Abgeordle is a sleek and straightforward quiz designed to help you learn about the members of the German Bundestag and their party affiliations. For the project I used the awesome abgeordnetenwatch.de API and incorporated additional data scraped from the Bundestag website, all combined into a user-friendly web app.
Go try it now 🙂 https://abgeordle.jakobpara.com/
Technologies & Languages: WebBot (Selenium), Webscraping (BeautifulSoup4), Web Development, API handling, Python, HTML/CSS, JS
Interesting:
You can find the Bundestag members of this election period under: https://www.bundestag.de/abgeordnete. Unfortunately, scraping the portrait images is not trivial. The gallery view only shows 12 MPs at a time and you would have to dynamically load the individual gallery pages one by one in order to scrape the images. Fortunately, there is also a list view. BeautifulSoup4 just didn’t help me, because this list view is also loaded dynamically and is not already available in the initial DOM. For this reason, I use Selenium to write a simple bot that opens the page like a human user and thus clears the way to the object of my desire: the HTML code with the links to the individual politician profiles.

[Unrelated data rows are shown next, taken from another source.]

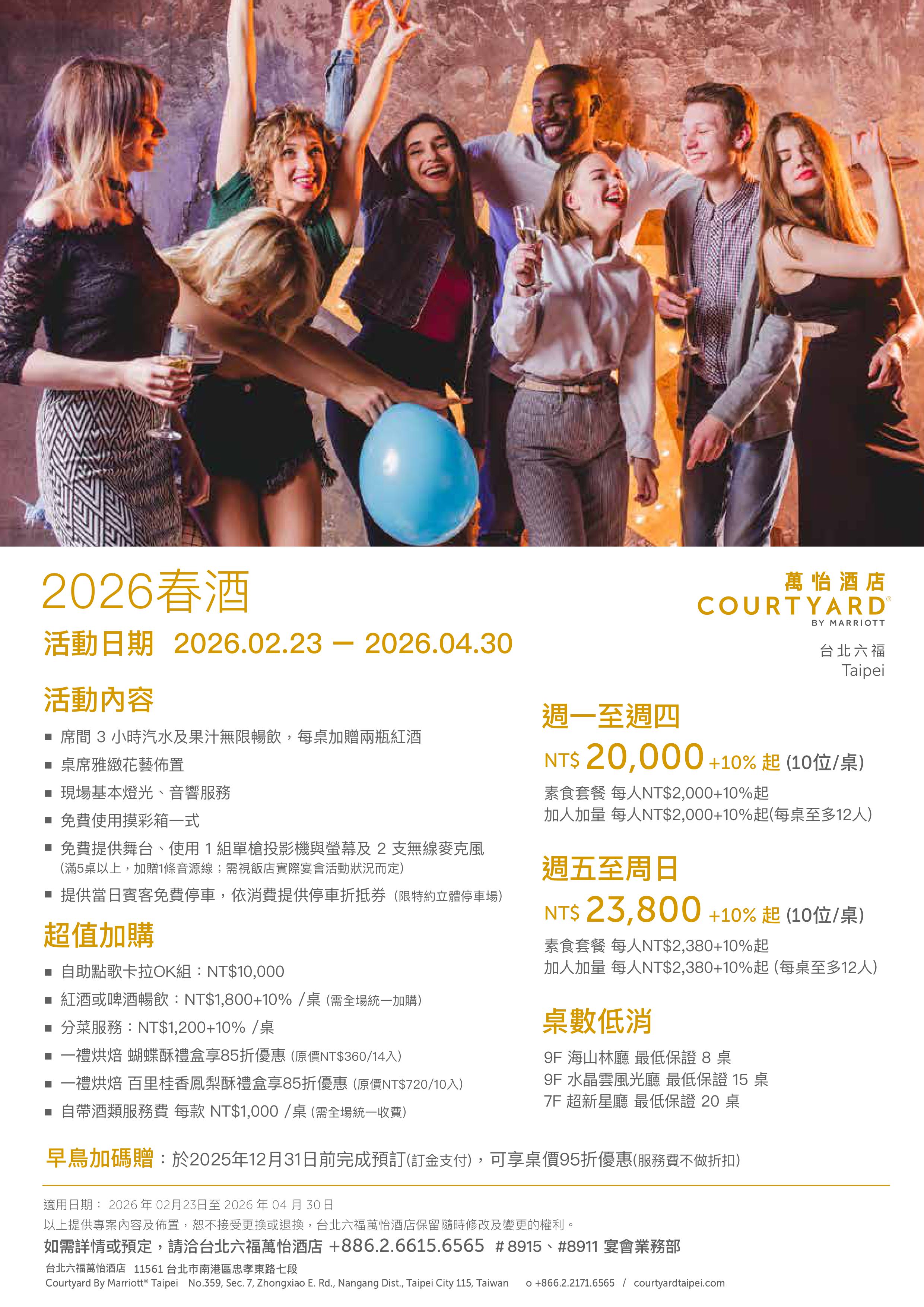 請撥打專線:02-6615-6565 宴會業務部 #8915 #8911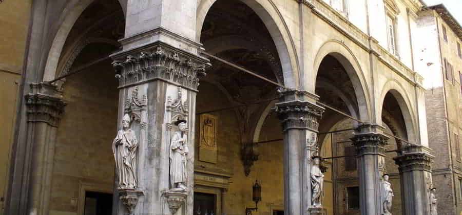 La loggia è composta da tre arcate su pilastri riccamente decorati, con le facce recanti tabernacoli con statue. Le due statue sui pilastri esterni della loggia raffigurano San Pietro e San Paolo e sono del Vecchietta (1458-1462); le altre tre statue raffigurano tre dei quattro antichi santi protettori della città, San Savino, Sant'Ansano e San Vittore, e sono di Antonio Federighi (1458-1459).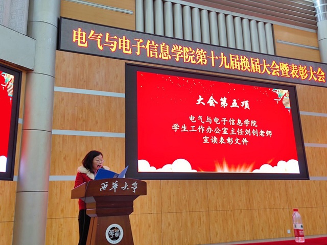 在观看各部门上一年度工作的风采展示视频后,由刘钊老师宣读电气学院团委 学生会2020-2021学年表彰先进集体和个人的通知,龚翠艳老师为获奖人员颁奖。
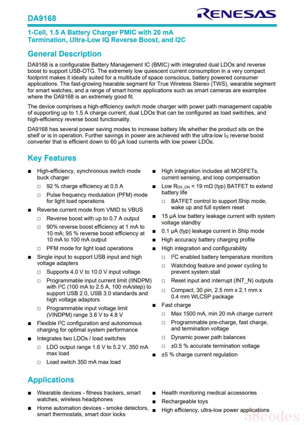 Renesas瑞萨DA9168电池充电管理芯片,内置双路独立LDO和反向升压功能,可支持USB On-The-Go(USB-OTG)标准,具有极低的静态电流消耗和非常紧凑的占位面积,使其非常适合大量注重空间的电池供电消费类产品应用。

I had to take this laborious route in the first place because the URLs to the individual MP websites contain not just the name but also an ID, which I couldn’t find in any directory.

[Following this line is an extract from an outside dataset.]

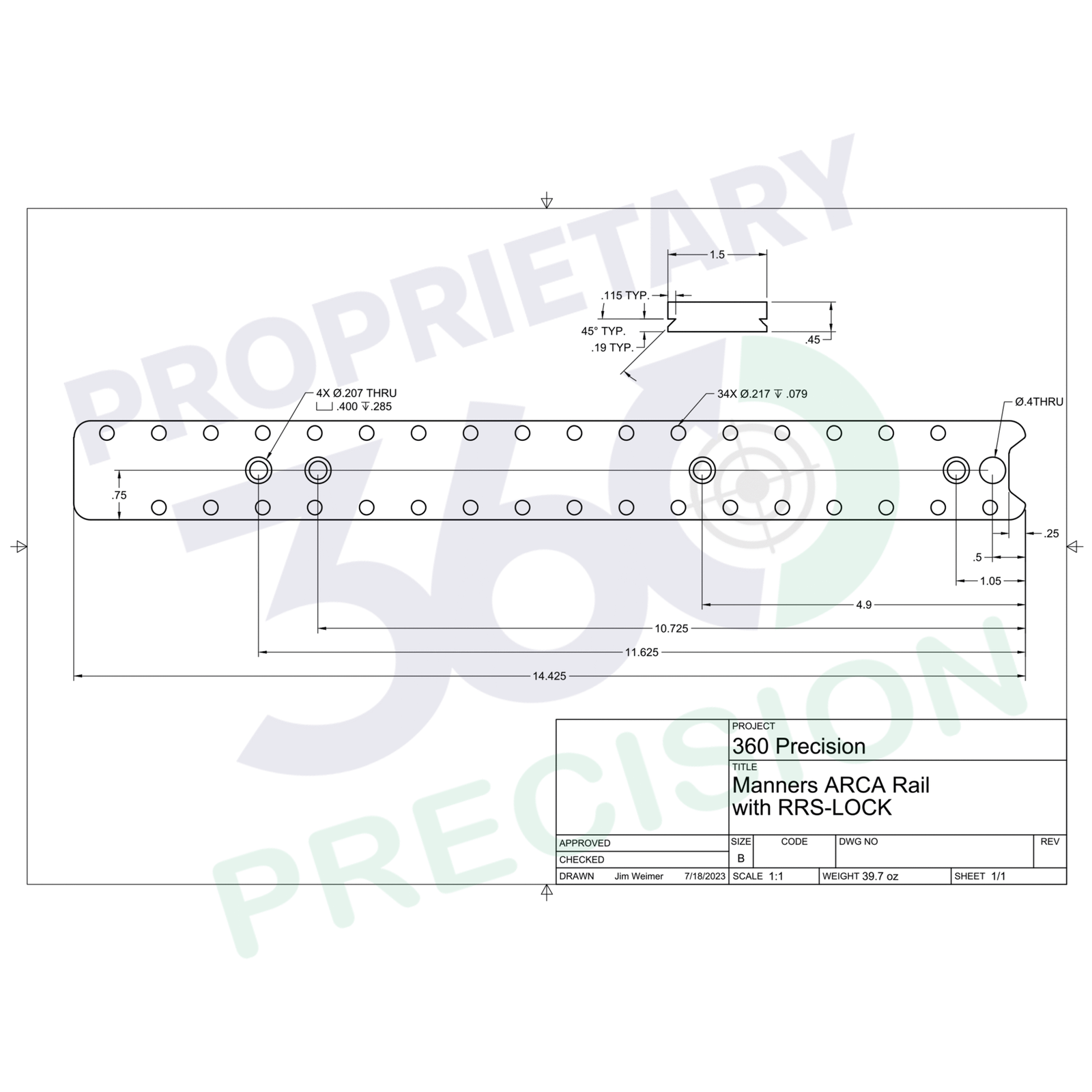 This is a full-length ARCA Dovetail mount that works with any RRS style attachments including bipods, tripods, plate adaptors, etc. The rail will replace original Area419 or the Manners rail on the PRS-TCS stocks. The rail weighs 39.7 ounces and is .45β thick and is 14.425β long and is made from 1018 cold-rolled steel finished in black nitride. Now featuring R-Lock from really Right Stuff.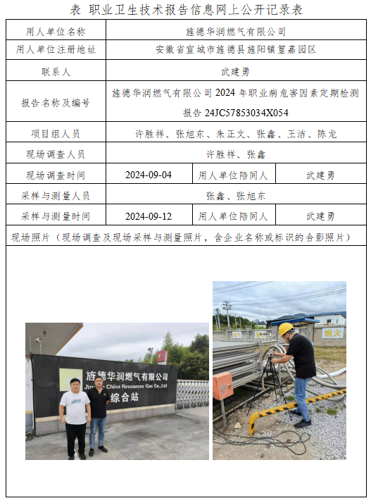 旌德華潤燃氣有限公司2024年職業(yè)病危害因素定期檢測報告

E.g. https://www.bundestag.de/abgeordnete/biografien/A/abel_valentin-860100
The data I from abgeordnetenwatch did include a value “external_id” which unfortunately didn’t match the Bundestag member id.

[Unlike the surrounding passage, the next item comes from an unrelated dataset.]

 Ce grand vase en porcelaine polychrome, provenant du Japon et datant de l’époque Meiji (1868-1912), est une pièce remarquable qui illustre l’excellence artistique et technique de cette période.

The actual scraping of the portraits was easy so far. However, I had to send over 756 requests to the Bundestag servers. Apparently they don’t think that’s so cool when it happens in a short time (ok, I get that :D). After first experimenting with alternating proxies, I finally decided to just add an error-handling function that triggered a cool-down period as soon as the servers rejected my request.
Since I had already spent a lot of time merging various JSON files and didn’t want to store even more data locally, I decided to query the individual politician data from abordnetenwatch in real time. This also allows me to always have the current status of the data.